### WHAT THE EXERCISE ASKS
The records below are to be reproduced exactly, with every picture left out.

### SUPPLIED RECORDS
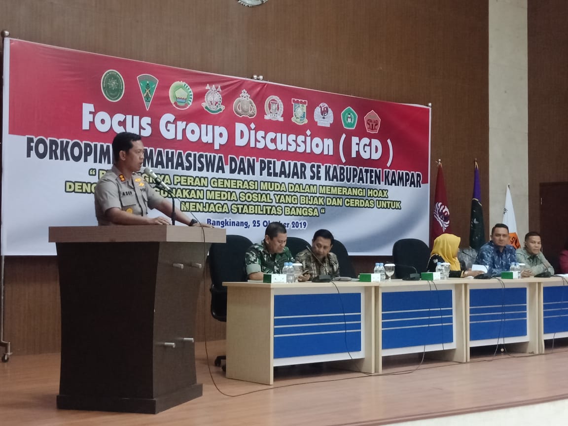 BANGKINANG KOTA, ULASFAKTA.Com – Jumat sore (25/10/2019), bertempat di Aula Kantor Bupati Kampar digelar Acara Focus Group Discussion (FGD) bersama Forkopimda, Mahasiswa dan Pelajar se-Kabupaten Kampar.
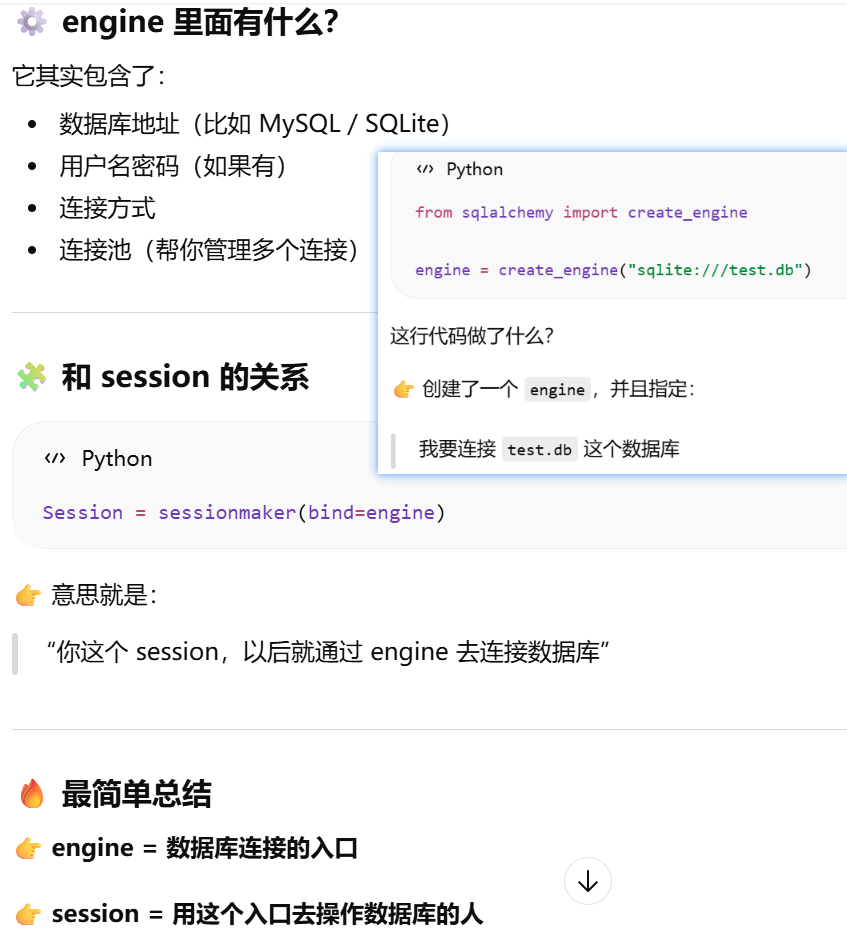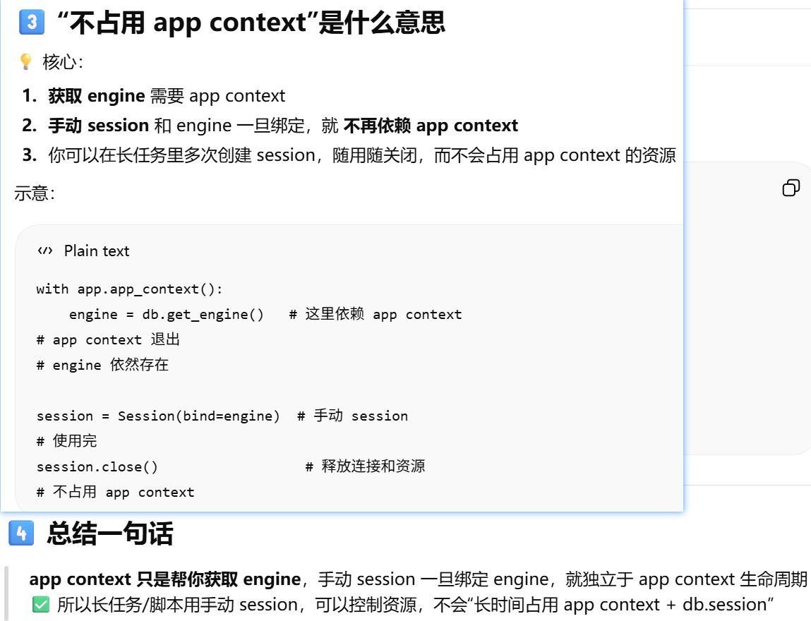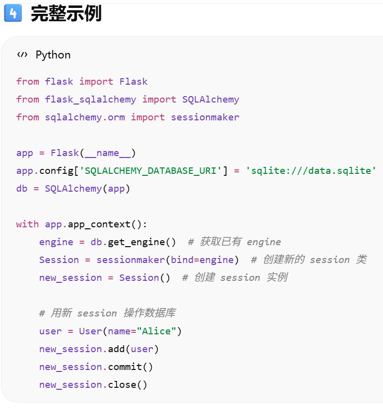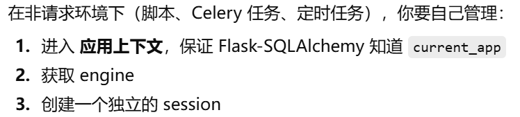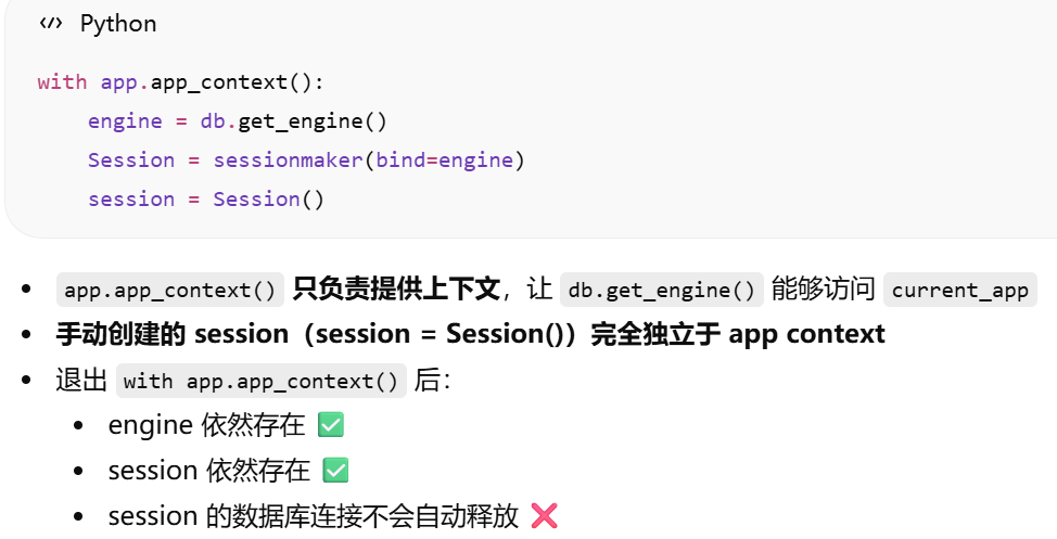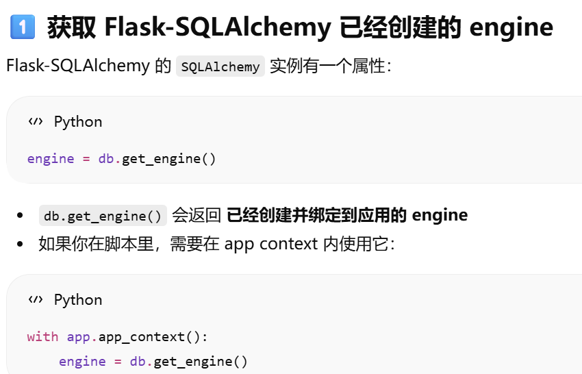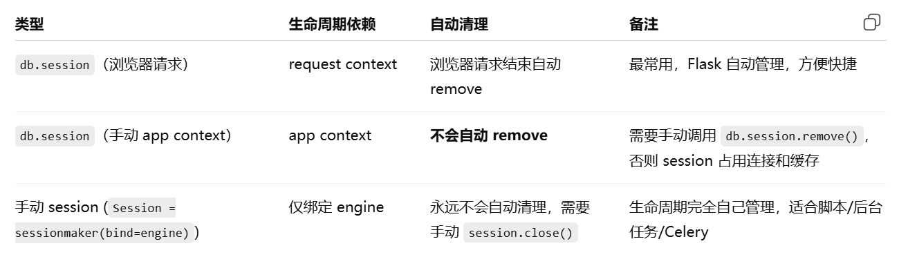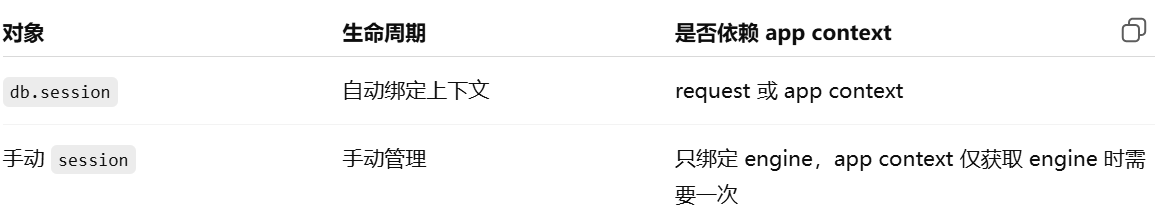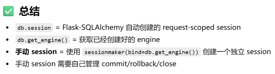- [Flask-SQLAlchemy 已经自动创建了 engine 和 db.session,如果我想自己手动创建一个新的 session,但还是用这个 engine,该怎么操作?](#Flask-SQLAlchemy 已经自动创建了 engine 和 db.session,如果我想自己手动创建一个新的 session,但还是用这个 engine,该怎么操作?)
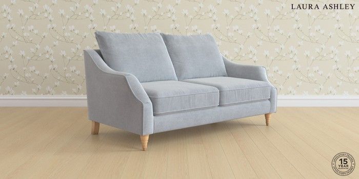 7.2.6 Buy Beverley by Laura Ashley 3 Seater Small Sofa Peyton Powder Blue Low Turned - Light Oak from the Next UK online shop Click here to use our accessible website
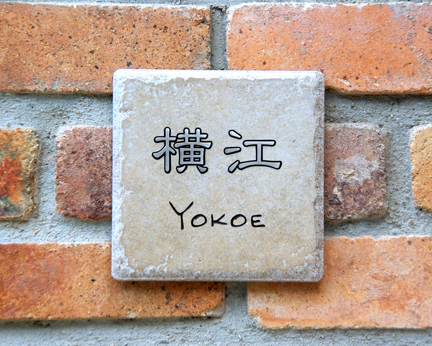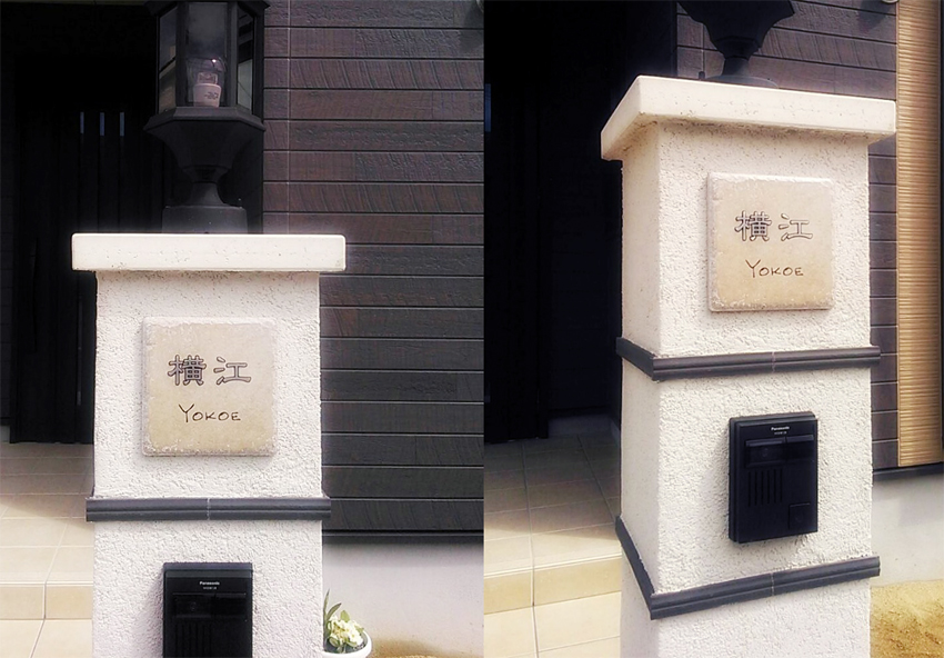 白いタイルの浮き彫り…風水的にいいと言われる表札
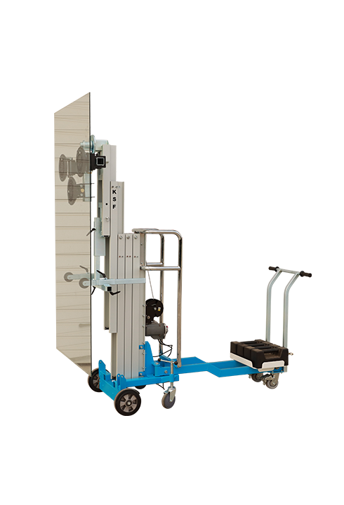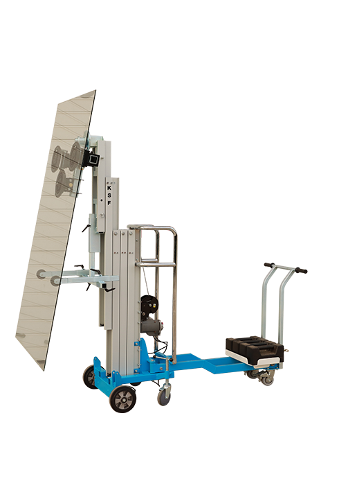 Ideale per montaggio e sostituzione parabrezza di autobus o camion grazie al sistema di regolazione inclinazione. Dotato di traslatore laterale che consente uno spostamento laterale del carico senza dover riposizionare il sollevatore.
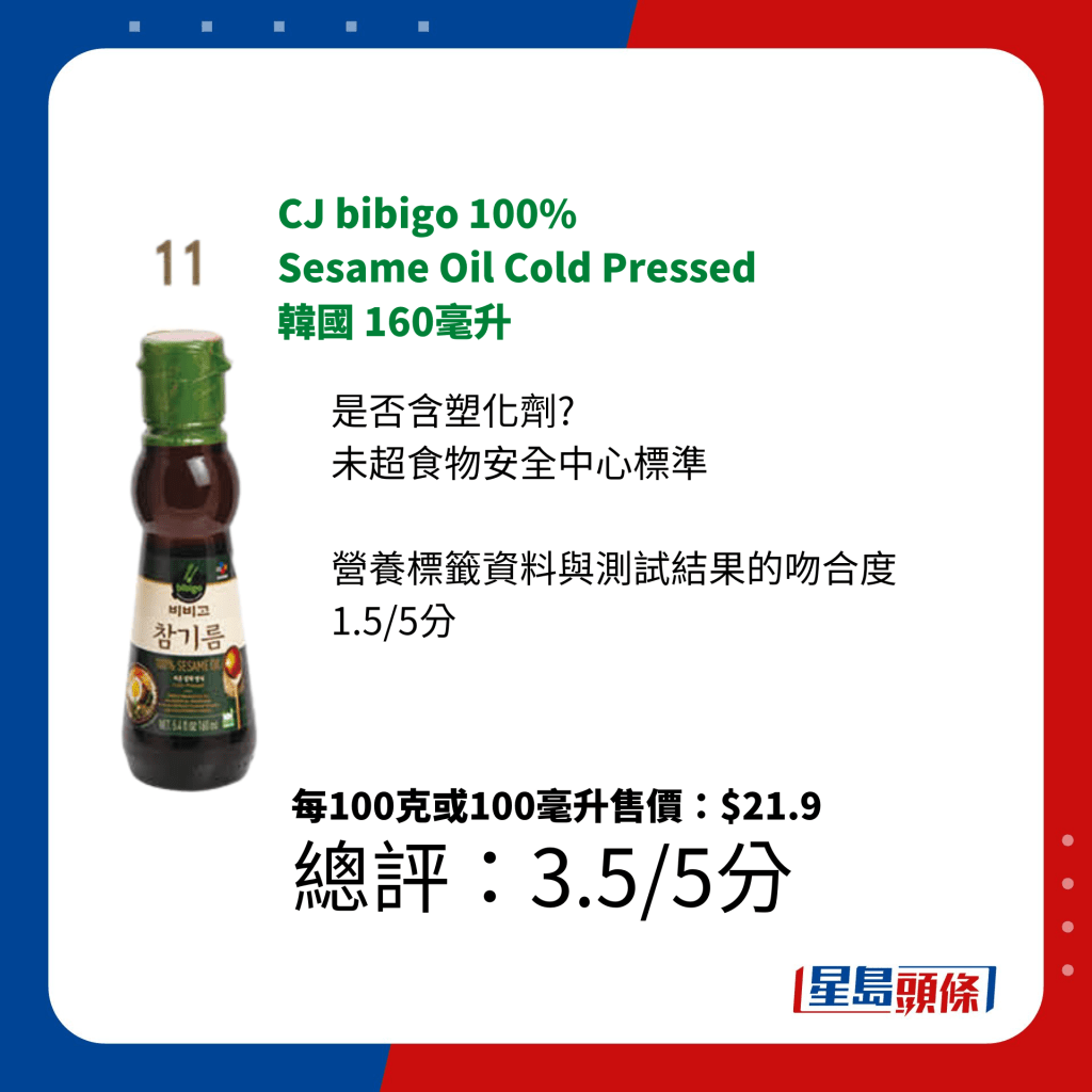 35款芝麻產品樣本中包括20款芝麻油、10款芝麻粉和5款芝麻醬。這些樣本被測試塑化劑、除害劑和營養素的含量,同時也測試芝麻油樣本中的污染物含量,以及芝麻粉和芝麻醬樣本中的霉菌毒素和致病菌含量。各個品牌的價格相差極大,以芝麻油為例,每100克的價格從11.9元到68.7元不等,相差超過4倍半。有趣的是,價格最高和最低的樣本在整體評分上都獲得了最高的5分,這表明價格和產品質素之間并沒有必然的關聯。
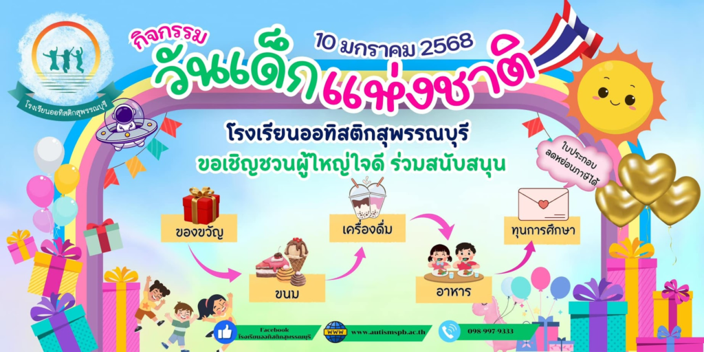 โดยท่านสามารถร่วมสนับสนุนของขวัญ ขนม เครื่องดื่ม อาหาร ทุนการศึกษา หรือสิ่งของต่างๆ เพื่อเป็นของขวัญและกำลังใจให้กับเด็กๆ โรงเรียนออทิสติกสุพรรณบุรี
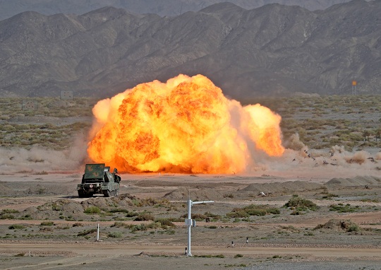圖為8月22日,“國(guó)際軍事比賽-2021”中國(guó)庫(kù)爾勒賽區(qū)在“蘇沃洛夫突擊”比賽場(chǎng)正式開幕,軍事課目演示中綜合掃雷車進(jìn)行實(shí)彈射擊。羅興倉(cāng) 攝

### ANSWER TO THE PROBLEM
 BANGKINANG KOTA, ULASFAKTA.Com – Jumat sore (25/10/2019), bertempat di Aula Kantor Bupati Kampar digelar Acara Focus Group Discussion (FGD) bersama Forkopimda, Mahasiswa dan Pelajar se-Kabupaten Kampar.
- [Flask-SQLAlchemy 已经自动创建了 engine 和 db.session,如果我想自己手动创建一个新的 session,但还是用这个 engine,该怎么操作?](#Flask-SQLAlchemy 已经自动创建了 engine 和 db.session,如果我想自己手动创建一个新的 session,但还是用这个 engine,该怎么操作?)
 7.2.6 Buy Beverley by Laura Ashley 3 Seater Small Sofa Peyton Powder Blue Low Turned - Light Oak from the Next UK online shop Click here to use our accessible website
 白いタイルの浮き彫り…風水的にいいと言われる表札
 Ideale per montaggio e sostituzione parabrezza di autobus o camion grazie al sistema di regolazione inclinazione. Dotato di traslatore laterale che consente uno spostamento laterale del carico senza dover riposizionare il sollevatore.
 35款芝麻產品樣本中包括20款芝麻油、10款芝麻粉和5款芝麻醬。這些樣本被測試塑化劑、除害劑和營養素的含量,同時也測試芝麻油樣本中的污染物含量,以及芝麻粉和芝麻醬樣本中的霉菌毒素和致病菌含量。各個品牌的價格相差極大,以芝麻油為例,每100克的價格從11.9元到68.7元不等,相差超過4倍半。有趣的是,價格最高和最低的樣本在整體評分上都獲得了最高的5分,這表明價格和產品質素之間并沒有必然的關聯。
 โดยท่านสามารถร่วมสนับสนุนของขวัญ ขนม เครื่องดื่ม อาหาร ทุนการศึกษา หรือสิ่งของต่างๆ เพื่อเป็นของขวัญและกำลังใจให้กับเด็กๆ โรงเรียนออทิสติกสุพรรณบุรี
圖為8月22日,“國(guó)際軍事比賽-2021”中國(guó)庫(kù)爾勒賽區(qū)在“蘇沃洛夫突擊”比賽場(chǎng)正式開幕,軍事課目演示中綜合掃雷車進(jìn)行實(shí)彈射擊。羅興倉(cāng) 攝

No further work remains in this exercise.